The phenomenon of diffusion was first observed by Robert Brown in 1827. It was recorded as uncharacteristic movement of particles which is now known as Brownian motion (Brown, 1828). Later Einstein elucidated the origins of this movement by describing it as the movement caused by a large particle being constantly impacted by a sea of smaller particles in which the larger particle resides (Einstein, 1956).
The mathematical solution that Einstein proposed gave rise to the concept of the diffusion coefficient of particles. It describes how particles move within a system when no external forces are applied. Although, at the time, this concept was primarily used in order to prove atomic theory (which describes that the constituents of mater are small elements called atoms) it has since been integrated into our understanding of diffusion for macromolecules such as proteins (Perrin & Soddy, 1910) (H. C. Berg, 1983).
Since then, the diffusion coefficient of proteins has been subject of much research. It allows for many significant insights into biological processes and can lead to innovation in medicine and chemistry. An example is the influence that the diffusion coefficient of transcription factor (TF) has, on the efficiency at which it can find its specific DNA binding site (O. G. Berg, Winter, & Von Hippel, 1981). This, in turn, directly influences many cellular functions such as transcription, replication, and recombination (Slutsky & Mirny, 2004). This is why the research field with relation to the diffusion coefficient of proteins has been well developed.
However, where this field has been heavily focused on 3 dimensional diffusion of cytosolic proteins, there hasn’t been nearly as much study of membrane protein diffusion (White, 2004). This is due to the intricate complexity of studying membrane proteins. Some of which are the dependence on in vivo experiments and the difficulty of creating functional recombinant membrane proteins which integrate successfully into the membrane (Seddon, Curnow, & Booth, 2004).

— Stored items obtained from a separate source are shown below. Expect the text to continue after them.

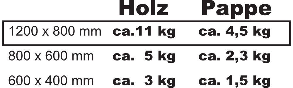 150 kg bei 600 x 400 mm bei 1,20 kg pro Palette
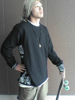 エバーラスティングライドエバラスのリバーシブルロンTです。これで¥8800とリバーシブルにしてはプライスもかなりアツイです!写真で分かるようにサイドとそでににペイズリーがあしらわれててかなりカッコいいです!そりゃこんなカッコいいやつ着たら顔もこんなんなっちゃいますね(笑)ちなみに今回のイケメンはMr絵書キングことミッキです。知ってる人も多いのでは?ちなみにスケート時の彼をしてみました。分かる人には分かると思いますが、なかなかの仕上がりでしょ?
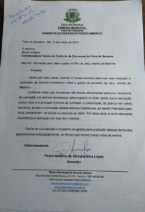 Pedro Américo solicita vacinação para cães e gatos no Povo.de Jacú

Recent advances in protein science, however, have opened up the possibilities for in depth study of membrane proteins. Such as a better understanding of probes for tagging membrane proteins and better techniques for creating functional fusion proteins that successfully integrate into the membrane (Yano & Matsuzaki, 2009) (Marreddy, Geertsma, & Poolman, 2011). These advances allow for the reliable in vivo expression of probe tagged functional membrane proteins.
Fluorescence microscopy then allows for the observation of the probe tagged proteins. For in vivo applications, this is usually limited to the imaging of a 2D plane of the sample due to the requirement to capture images at a high frequency. This high frequency is required in order to observe the fast movements of the tagged proteins.
SPT allows for the movements of the proteins to be precisely recorded. Using the coordinates of each movement and the time between each movement the diffusion coefficient can then be mathematically calculated.